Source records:
::::::
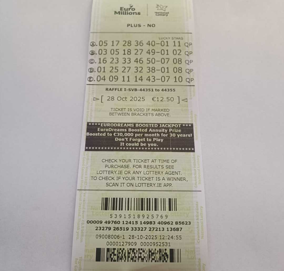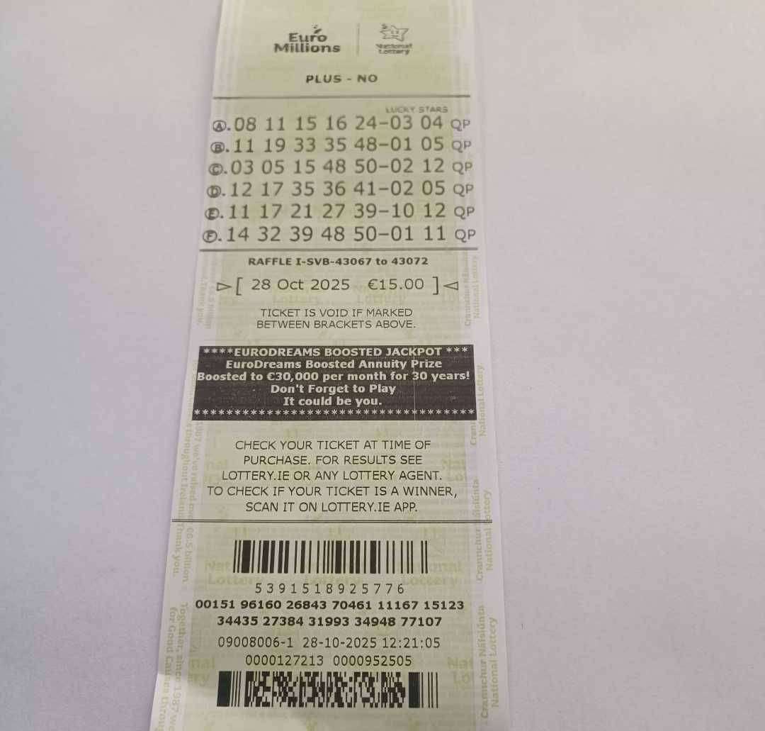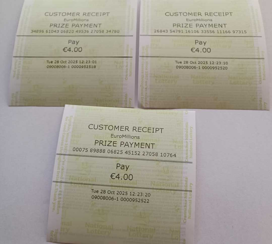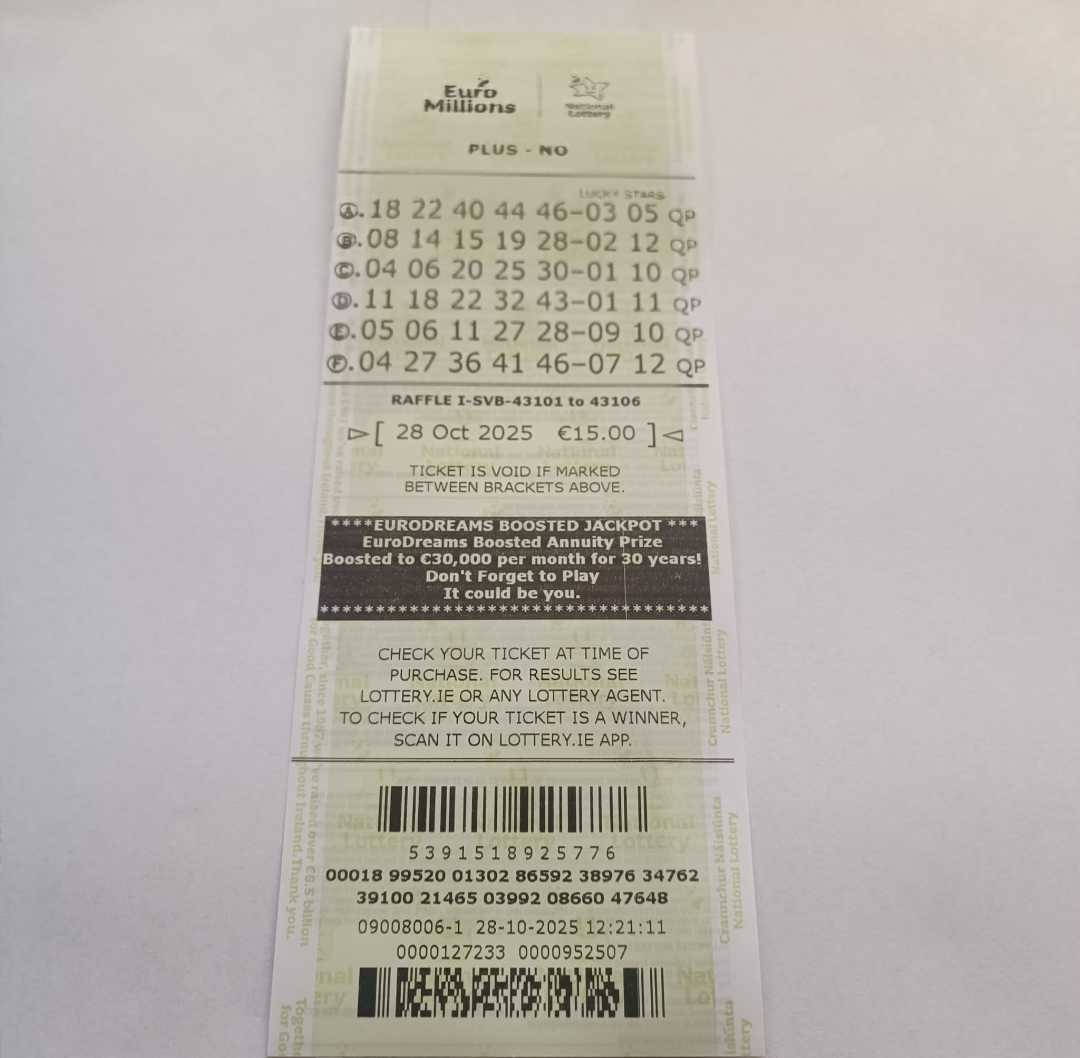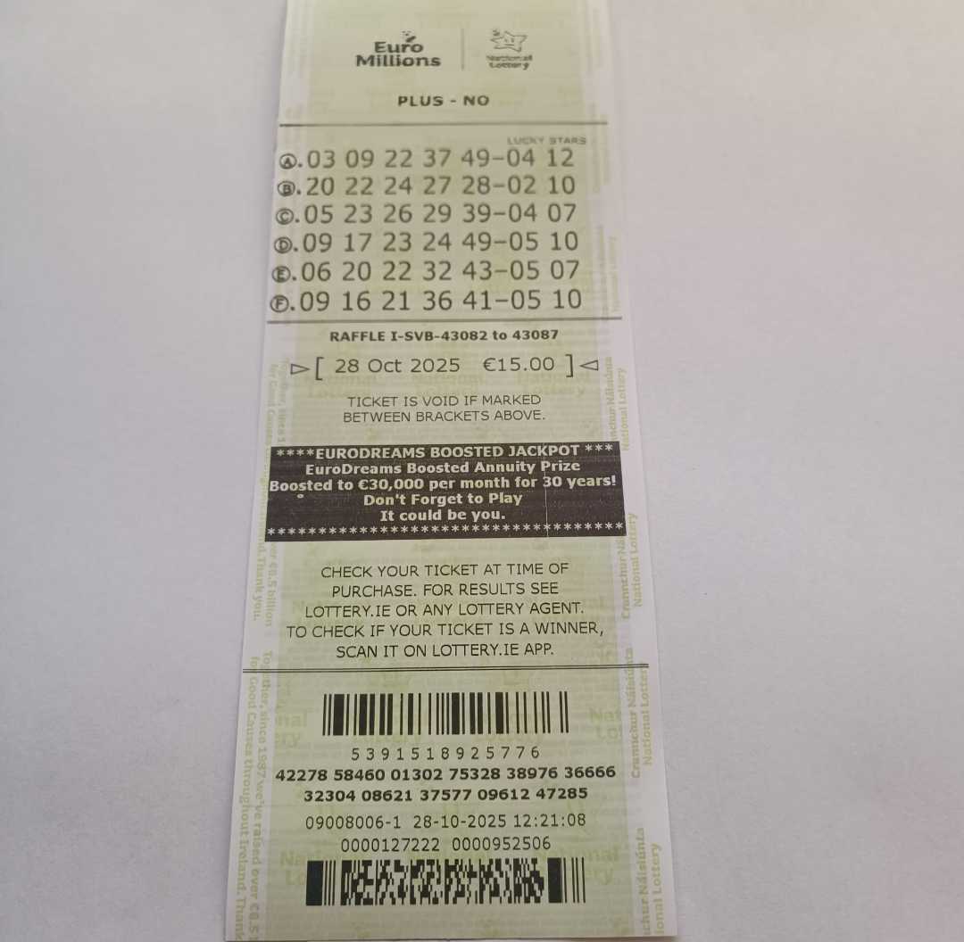 For wins over €10,000, we will have to meet at the National Lottery Claims Department.
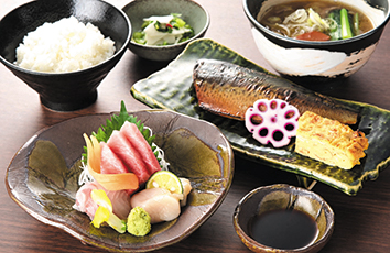 宍戸和食膳。焼き魚、旬の刺身3点盛り、具だくさんのけんちん汁を同時に食べられる和食膳。使用する食材は、季節や旬によって変更しており、11月末現在は、焼き魚が国産秋サバの幽庵焼き、刺身はトロ、タイ、ホタテの3種。
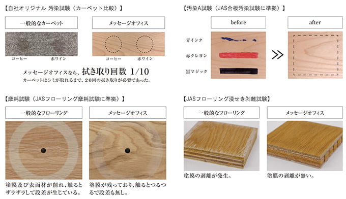 「メッセージオフィス」は、土足使用が前提となるオフィス環境を想定し、摩耗・水分・汚れに強い塗装仕様を採用しています。
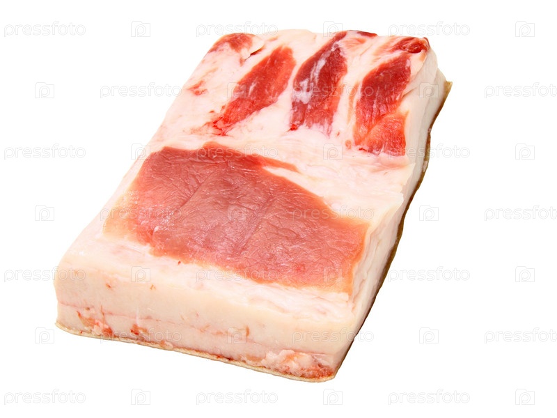 Кусок мяса с жировой прослойкой на белом фоне
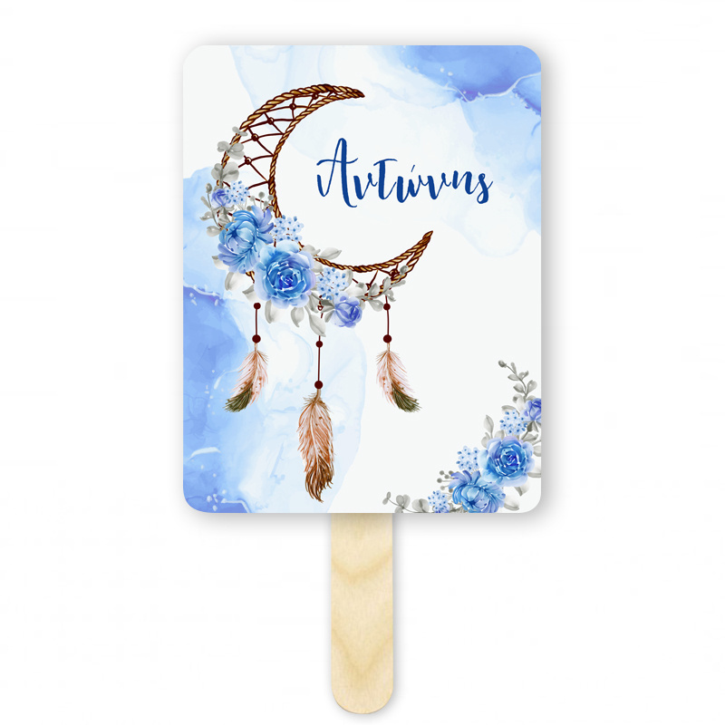 Εντυπωσιακή ορθογώνια χάρτινη βεντάλια με όνομα Ονειροπαγίδα Αγόρι, ένα έξυπνο αναμνηστικό δωράκι για τους καλεσμένους σας.
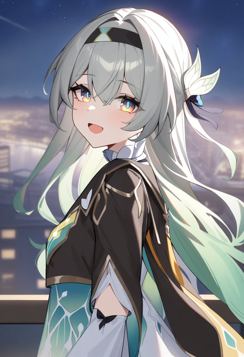TAG: firefly \(honkai: star rail\), 1girl, solo, , dress, long sleeves, hair ornament,,black hairband, medium breasts
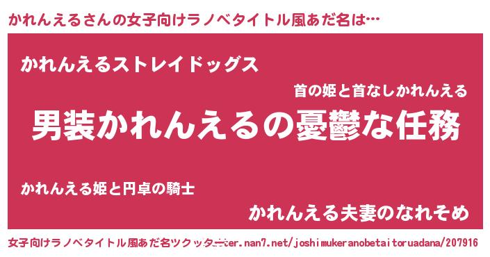 かれんえるさんの女子向けラノベタイトル風あだ名は… 『男装かれんえるの憂鬱な任務』『かれんえるストレイドッグス』『かれんえる夫妻のなれそめ』 ツクッター #女子向けラノベタイトル風あだ名ツクッター http://tkutter.nan7.net/joshimukeranobetaitoruadana/207916/
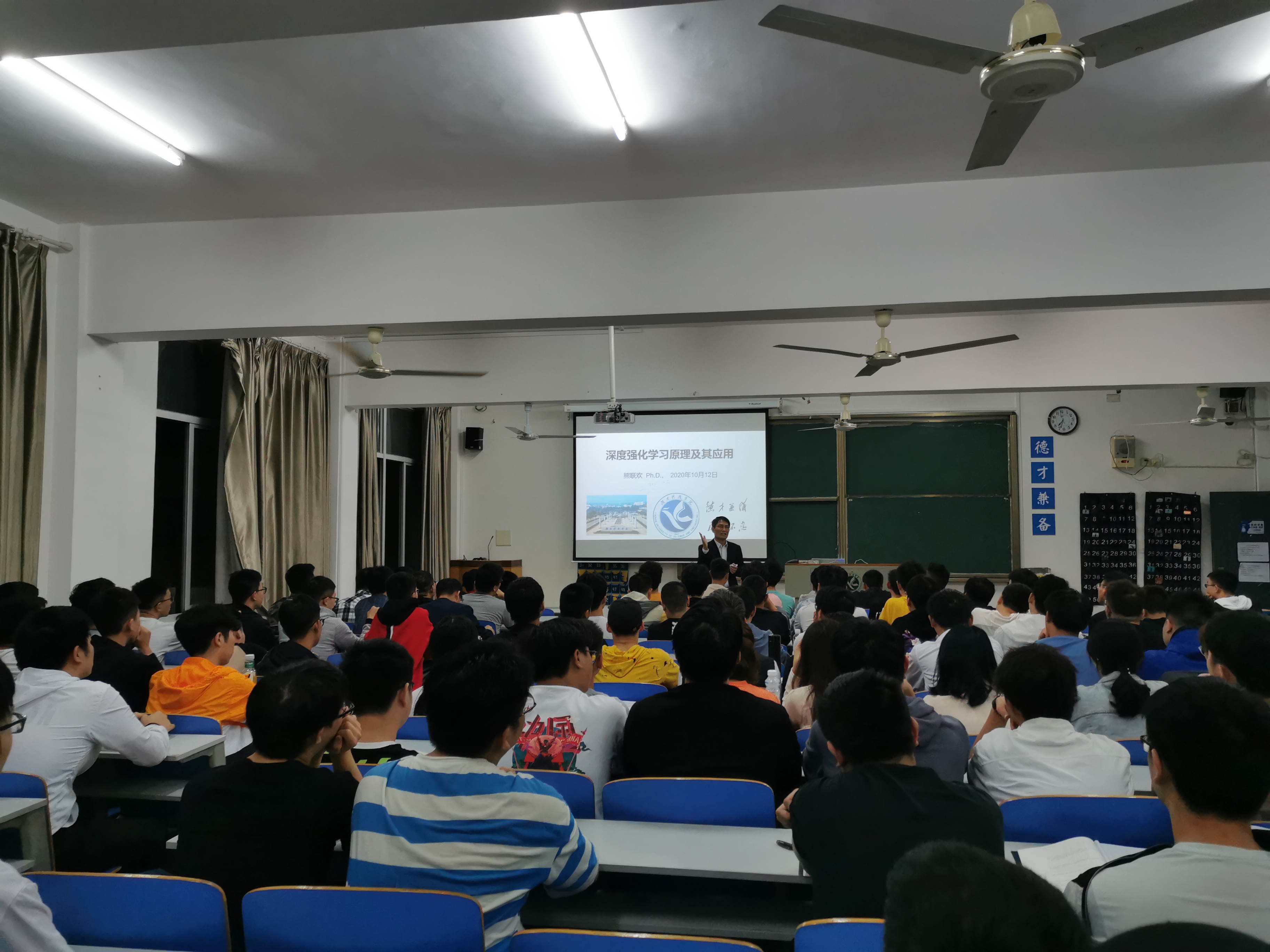 本网讯(通讯员 戴兴鸿)为了让学生能够更好的了解本专业,对自己未来的发展方向有更广阔的视野,10月12日,熊联欢博士应邀为理学院学子做了“深度强化学习原理及其应用”讲座报告。熊联欢博士是世界杯官网优秀校友,曾任职华为技术有限公司多媒体业务部和公司研究部,有着深厚的理论基础和丰富的项目管理经验。讲座由副院长周立平主持。
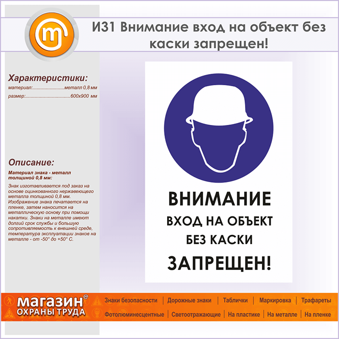 Знак «Внимание вход на объект без каски запрещен!», И31 (металл, 600х900 мм) в Кызыле купить
::::::
Starting at the line that contains "Кусок мяса с", reproduce every line through the last one in the records exactly, and omit all pictures.

 Кусок мяса с жировой прослойкой на белом фоне
 Εντυπωσιακή ορθογώνια χάρτινη βεντάλια με όνομα Ονειροπαγίδα Αγόρι, ένα έξυπνο αναμνηστικό δωράκι για τους καλεσμένους σας.
TAG: firefly \(honkai: star rail\), 1girl, solo, , dress, long sleeves, hair ornament,,black hairband, medium breasts
 かれんえるさんの女子向けラノベタイトル風あだ名は… 『男装かれんえるの憂鬱な任務』『かれんえるストレイドッグス』『かれんえる夫妻のなれそめ』 ツクッター #女子向けラノベタイトル風あだ名ツクッター http://tkutter.nan7.net/joshimukeranobetaitoruadana/207916/
 本网讯(通讯员 戴兴鸿)为了让学生能够更好的了解本专业,对自己未来的发展方向有更广阔的视野,10月12日,熊联欢博士应邀为理学院学子做了“深度强化学习原理及其应用”讲座报告。熊联欢博士是世界杯官网优秀校友,曾任职华为技术有限公司多媒体业务部和公司研究部,有着深厚的理论基础和丰富的项目管理经验。讲座由副院长周立平主持。
 Знак «Внимание вход на объект без каски запрещен!», И31 (металл, 600х900 мм) в Кызыле купить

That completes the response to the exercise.